Türkiye açısından imalat sanayinin sancılı bir süreç yaşadığı açık. AKP’li yıllarda (2002-2013) imalat sanayinin milli gelir içindeki payı yüzde 20’den yüzde 18’e gerilemiş. Söz konusu oran aynı dönem için Güney Kore’de yüzde 27’den yüzde 31’e, Polonya’da yüzde 16’dan yüzde 18’e, Almanya’da yüzde 21’den yüzde 22’ye yükselmiş. Buna karşın dünya ortalamasında ve dünyanın pek çok ülkesinde sanayinin payında ciddi bir azalmanın olduğu görülüyor. Düşük katma değer yaratan sektörlerden değer zincirlerinin görece daha üst basamaklarına tırmanma  mücadelesi veren Türkiye, bir tek kar oranlarında önemli bir mesafe kat etmiş durumda. Türkiye sermayedarına en çok kazandıran ülkeler arasında. 6 yıllık ortalamalar dikkate alındığında kar oranları zirvelerde dolaşıyor. İmalat sektöründeki oranlar pek çok Avrupa ülkesindeki sermayedarların gözlerini kamaştırıyor. En yüksek kar oranının olduğu sektör ise madencilik ve taş ocakçılığı. Sizce tesadüf mü?

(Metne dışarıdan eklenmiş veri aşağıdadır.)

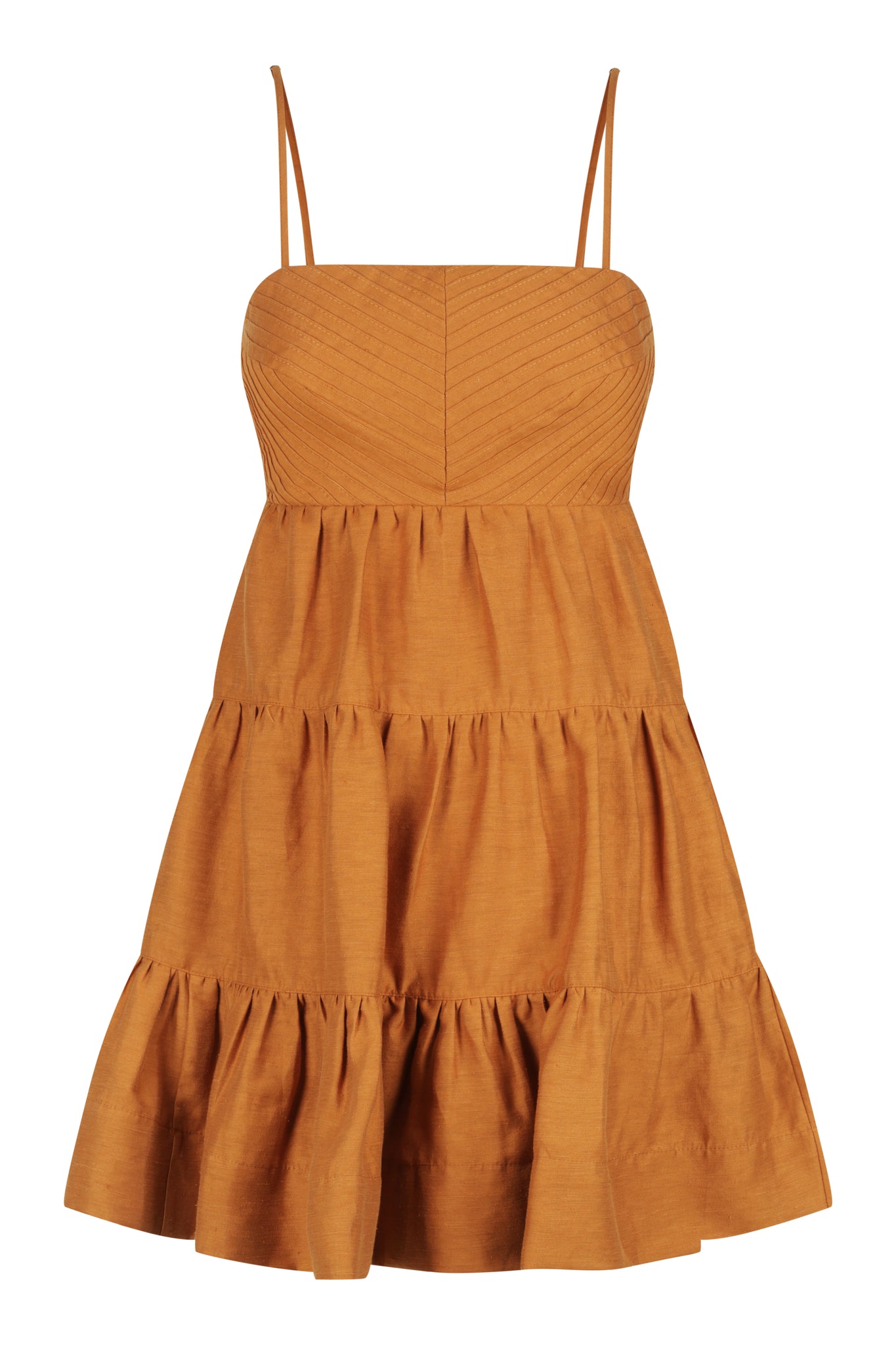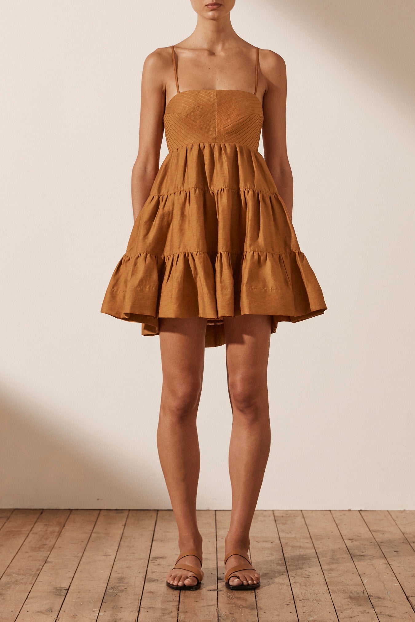 Pin tuck tiered mini dress with back cut out detail in a premium linen blend. Premium linen blend fabric Adjustable rouleau straps Square neckline with pintuck bodice Low back with tie and cut out detail Side pockets Tiered...Read more
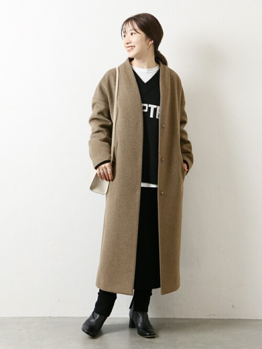 kuboのノーカラーコート「スーパー140ビーバーVネックコート◆」を使ったコーディネート
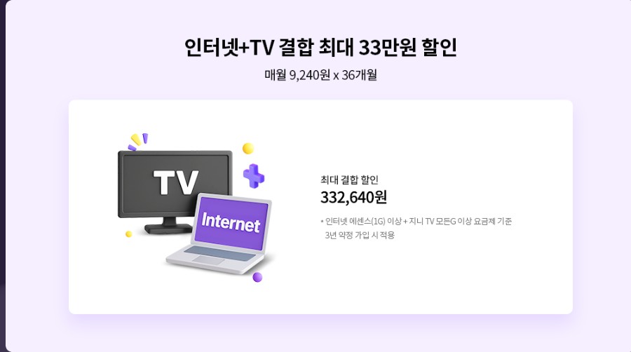 인터넷과 TV 결합으로 가입시 최대 33만원 할인 혜택도 받을 수 있고요.
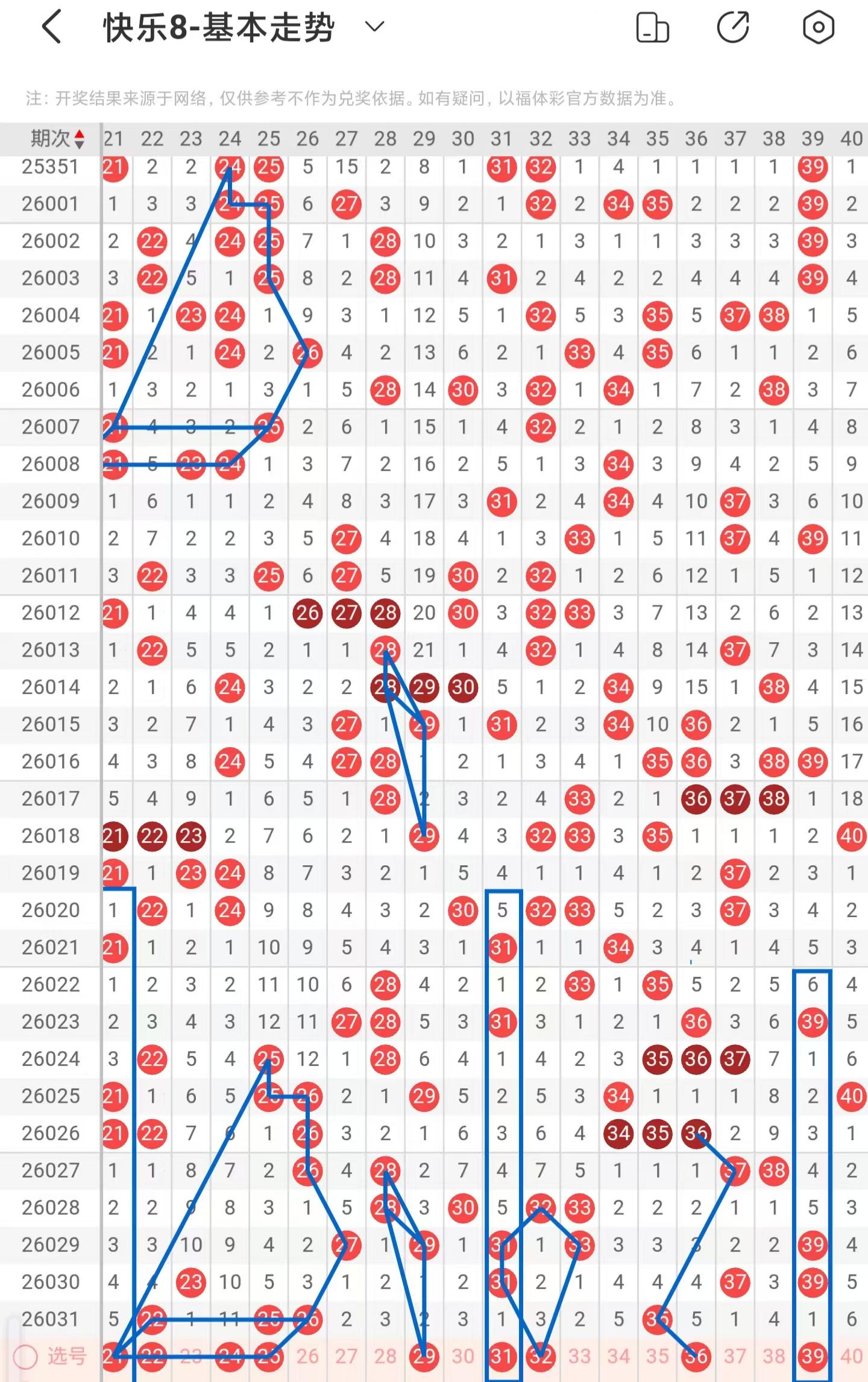 二区间稳定落号,一共开出四个号码球,本期考虑等同数量的号码球,注意隔期递增开出的21号码球,注意近期25、26、27号码球的走势与24、25、26号码球的走势相似,本期注意22、24、25号码球,注意近期28、29号码球的走势相似,本期注意29号码球,注意隔期对称回补的31号码球,防守百期相似形态的32号码球,注意百期相似形态的36号码球,同时也是隔期对称回补号码球,注意期数和值加减法的39号码球,防守40号码球,因此二区间关注21-25-29-36-39。注意本区间的选二复式21-25-36。
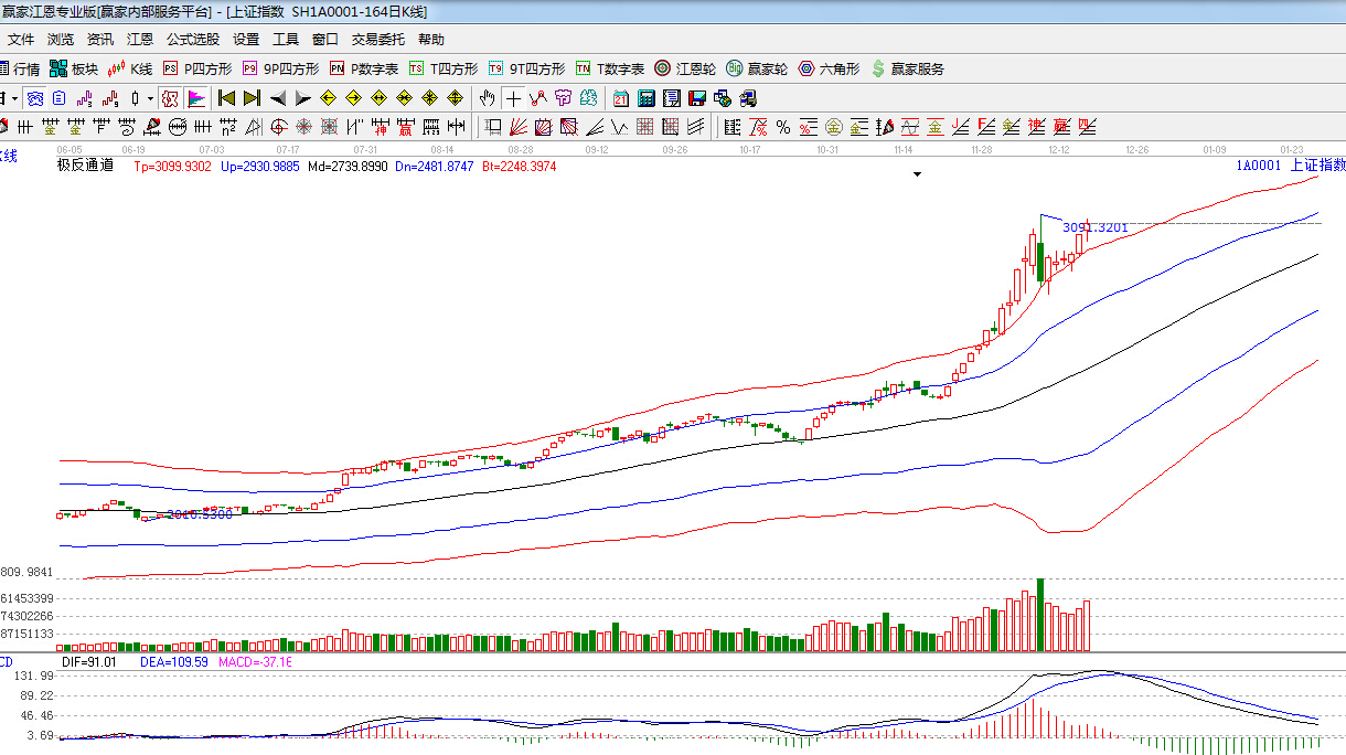 極反通道提示:指數(shù)沿紅色外軌線,繼續(xù)震蕩走高,依據(jù)規(guī)則外軌線不破,整體看多趨勢(shì)不變。

Soma gerçeğinden baktığımızda kan ile kar arasındaki ilişki son derece açık. Ortalama yüzde 3,9 olan faaliyet karı madencilik ve taş ocakcılığında yüzde 15,5.

Soma içimizde kapanmaz bir yara. Hep hatırlamamız gereken bir acı. Sorumlularının asla unutulmaması gereken bir katliam. 13 Mayıs kapitalizmin yani para-malcı sistemin yarattığı acımasız sistemin ortaya serildiği bir tarih.

İşçi sınıfı bu tarihi asla unutmamalı. Bu ülkede yaşayanlar bu tarihi asla unutmamalı.

7 Haziran seçimlerine giderken sıklıkla ve ısrarla Soma gündemimizde olmalı.

İş cinayetlerinde kaybettiklerimizin anısı bize bunu söylüyor.

Hiç unutmayalım. Hiç unutmayalım.

İşçi Sağlığı ve İş Güvenliği Meclisi’nin raporuna göre AKP döneminde 15 bin işçi iş cinayetlerinde hayatını kaybetti. Unutmayalım!

14 Mart 2013 tarihinde Adana’da haftalığı 100 TL’ye çalıştığı fabrikada kafası pres makinesine sıkışarak ölen 13 yaşındaki çocuk işçi Ahmet Yıldız’ı unutmayalım.

Ayakkabı kutuları, kömür torbaları, araziler, ihaleler, ölüm. Hepsi yan yana. Unutmayalım!

Birilerinin saltanatı, sarayları, hanları için zenginliği için yapılan zulmü unutmayalım.

Bu yüzden 1 Mayıs’ın işçi sınıfının birlik, mücadele ve dayanışma gününün temel gündemi Soma olmalı. İş cinayetleri evet fıtrat, kurulan sistemin fıtratı. O yüzden unutmayalım. Hiç unutmayalım.